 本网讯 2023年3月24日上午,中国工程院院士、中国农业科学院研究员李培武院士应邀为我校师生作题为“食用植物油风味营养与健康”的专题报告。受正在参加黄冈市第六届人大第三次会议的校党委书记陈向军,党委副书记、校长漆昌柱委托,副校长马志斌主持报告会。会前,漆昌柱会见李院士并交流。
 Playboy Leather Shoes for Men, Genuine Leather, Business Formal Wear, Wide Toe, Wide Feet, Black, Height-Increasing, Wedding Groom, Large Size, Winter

════

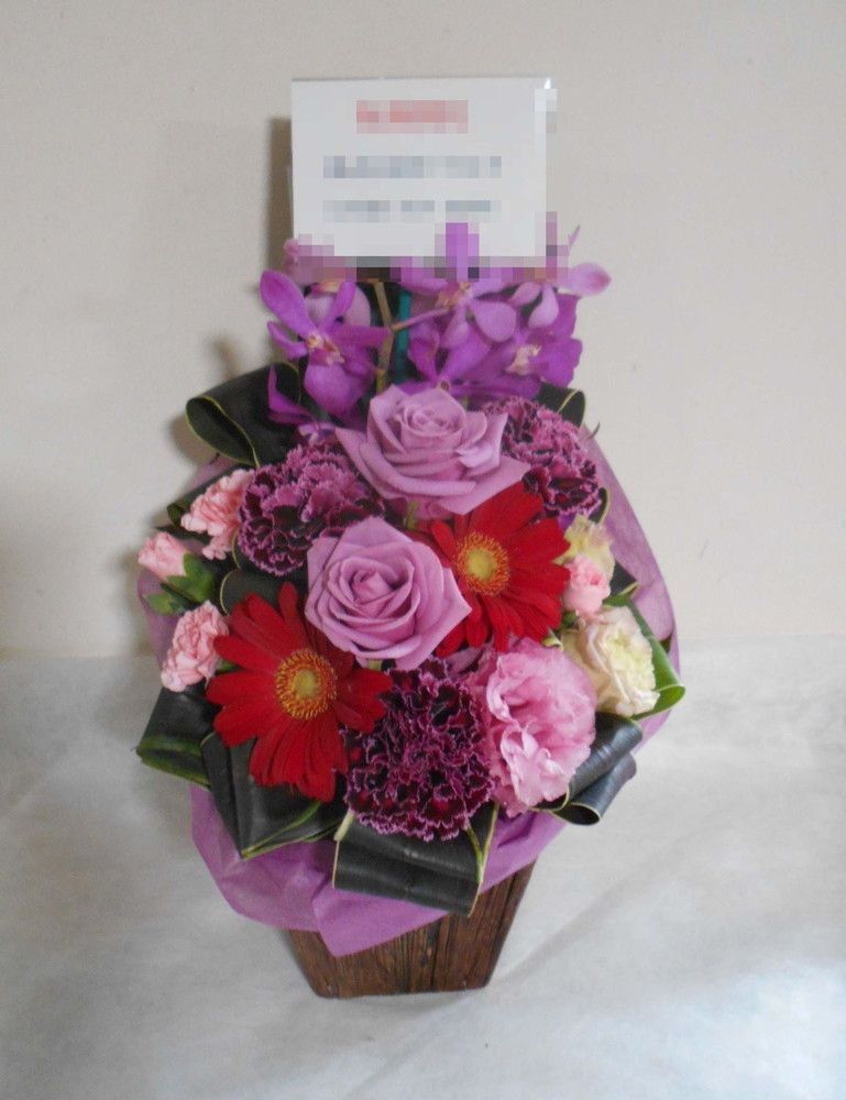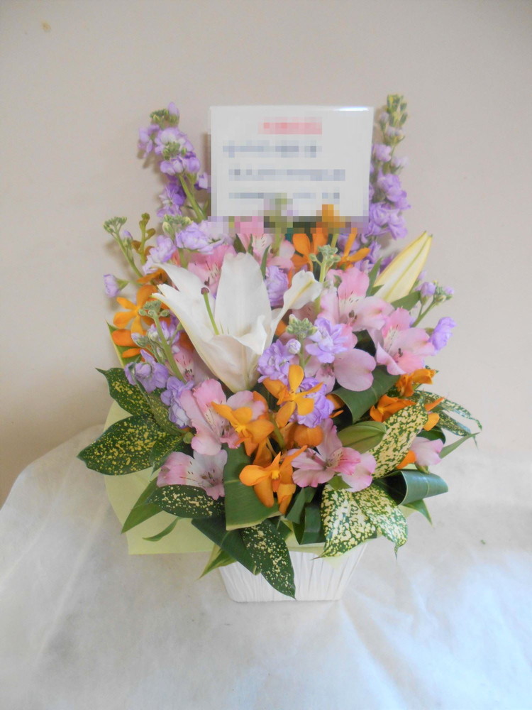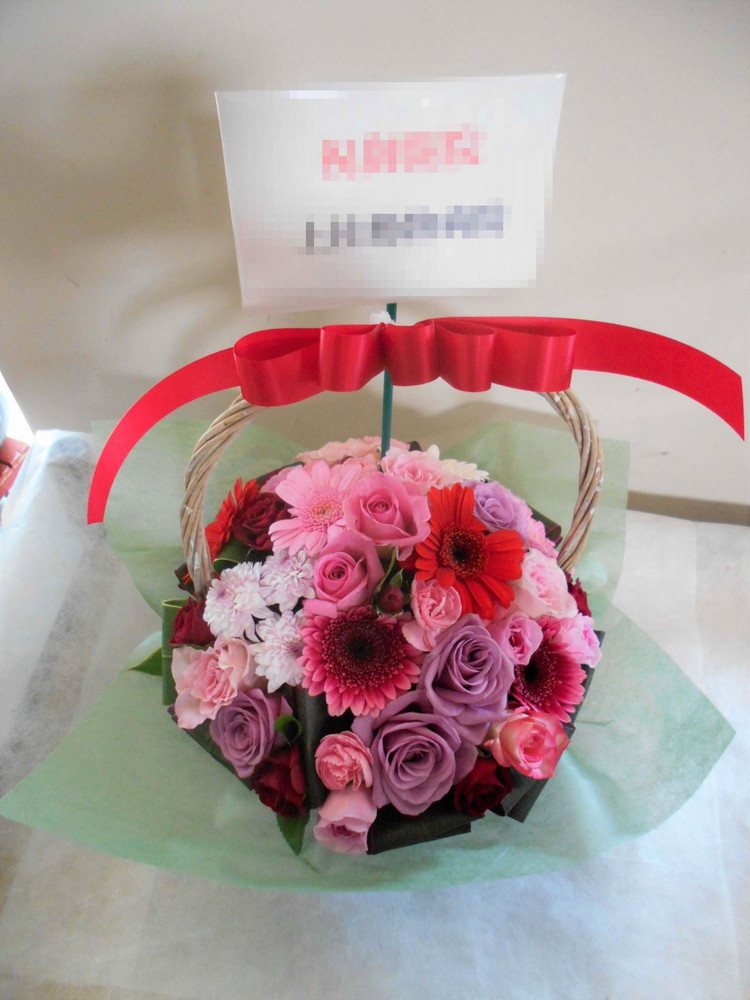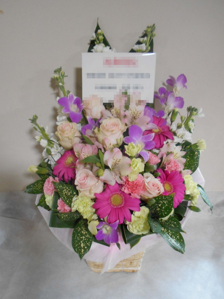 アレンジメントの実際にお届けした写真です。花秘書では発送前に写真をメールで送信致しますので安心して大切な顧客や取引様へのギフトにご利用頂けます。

════

YOUR GOAL: In the listing above, the lines from the one containing "本网讯 2023年3月24日" through the one containing "Playboy Leather Shoes" must be set down exactly, with no other lines.

WRITTEN ANSWER:
 本网讯 2023年3月24日上午,中国工程院院士、中国农业科学院研究员李培武院士应邀为我校师生作题为“食用植物油风味营养与健康”的专题报告。受正在参加黄冈市第六届人大第三次会议的校党委书记陈向军,党委副书记、校长漆昌柱委托,副校长马志斌主持报告会。会前,漆昌柱会见李院士并交流。
 Playboy Leather Shoes for Men, Genuine Leather, Business Formal Wear, Wide Toe, Wide Feet, Black, Height-Increasing, Wedding Groom, Large Size, Winter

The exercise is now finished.